Mauricio ist mein ehemaliger Mentor, derjenige, der mir alles beigebracht hat, was ein Inkubus wissen muss. Obwohl nicht er es war, der mich verwandelt hat. Mauricio hätte mich nie gebissen, er ist stockhetero. Dem Bastard, der mich infiziert hat, bin ich nie wieder begegnet und das ist für uns beide sicher auch besser so. Obwohl ich inzwischen die Vorzüge meines neuen Lebens durchaus zu schätzen weiß. Besonders, wenn mir ein schnuckeliger Kerl wie Jaron über den Weg läuft. Zwar bin ich als Hochelf geboren, doch Mitte der 1980er Jahre wurde ich zu einem Nachtwandler, der seine magischen Kräfte mehrt, indem er Sex hat. Viel Sex. Und ich brauche viel Macht, seit mich der Graue Rat vor ein paar Jahren zum Ringträger bestimmt hat. Deshalb bin ich auch nach Berlin gezogen, in eine Altbauwohnung in Schöneberg. Die Stadt ist nicht nur so weltoffen und multikulturell, dass selbst der schrägste Vogel problemlos in der großen Masse unsichtbar werden kann. Sie ist eine Art modernes Babylon: frei, wild und unglaublich liebenswert - zumindest viele Seiten davon. Dem Charme der kunterbunten Großstadt kann sich nicht einmal eine Schwanenjungfrau wie Kara entziehen. Nicht, dass Kara eine typische Schwanenjungfrau wäre.

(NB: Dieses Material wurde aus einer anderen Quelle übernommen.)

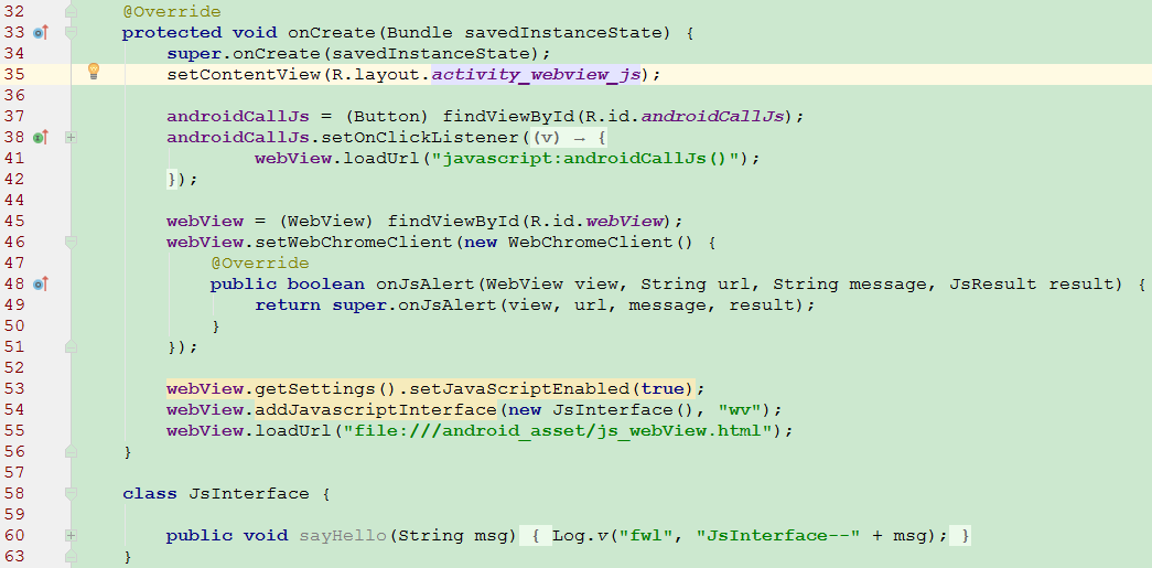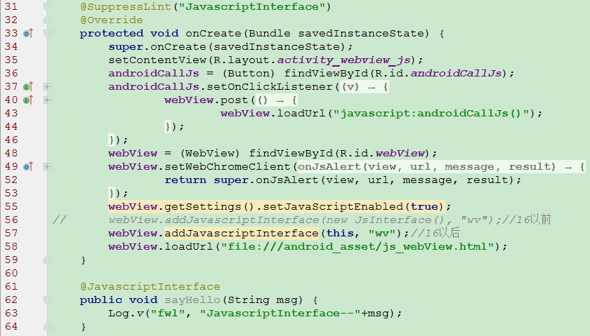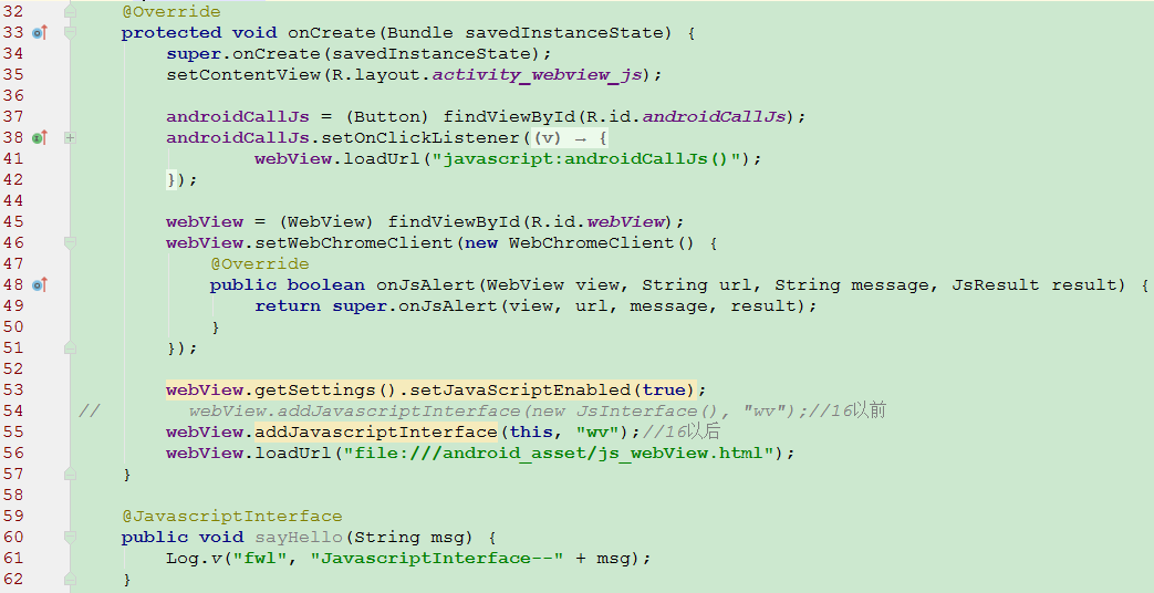 45-55行:这几行就是有关于 Webview 的设置等,46-51 这几行是指支持弹窗,也就是支持 html 网页弹框,因为前面的 html 代码中,有我们 Android 调用 js 的时候,调用成功就 js 弹窗,所以这里要加上这个设置。接下来是53行,53行指的是支持 javascript 这里指的是支持 html 中的 javascript 解析,不管是不是 js 和 Android 交互,只要网页中含有 js ,都要。最关键的就是54行,54行就是 javascript 和 Android 交互的了,addJavascriptInterface 方法需要接受两个参数,第一个是与之相对应的 js 调用 Android 本地的类的对象,这个例子中的就是58-63行这个类的对象,第二个参数就是和前面网页中的js代码中的 jsCallAndroid 方法中的 wv.sayHello(),这里的 wv 就和这个参数(wv)与之相对应,而 sayHello() 就是对应的第一个参数的对象里面的方法。

»Ich bin nur dein Gast und ich will dir keine Vorschriften machen«, sagt sie und sieht mich dabei so an, als wolle sie mir klarmachen, dass sie sich trotz ihrer Worte wünschte, sie könne genau das tun. »Aber ich kann auch nicht einfach nur hier sitzen und stumm dabei zusehen, wie du uns alle in Gefahr bringst.«

Mit uns alle meint Kara die Magische Gemeinschaft. Seit dem Aufkommen von Internet, Überwachungskameras und Smartphones brauchen die Wächter immer mehr Magie, um die Geheimhaltung unserer Existenz sicherzustellen. Und immer, wenn einer von uns einen Menschen zu sehr in das eigene Leben lässt, besteht die Gefahr, dass wir entdeckt werden.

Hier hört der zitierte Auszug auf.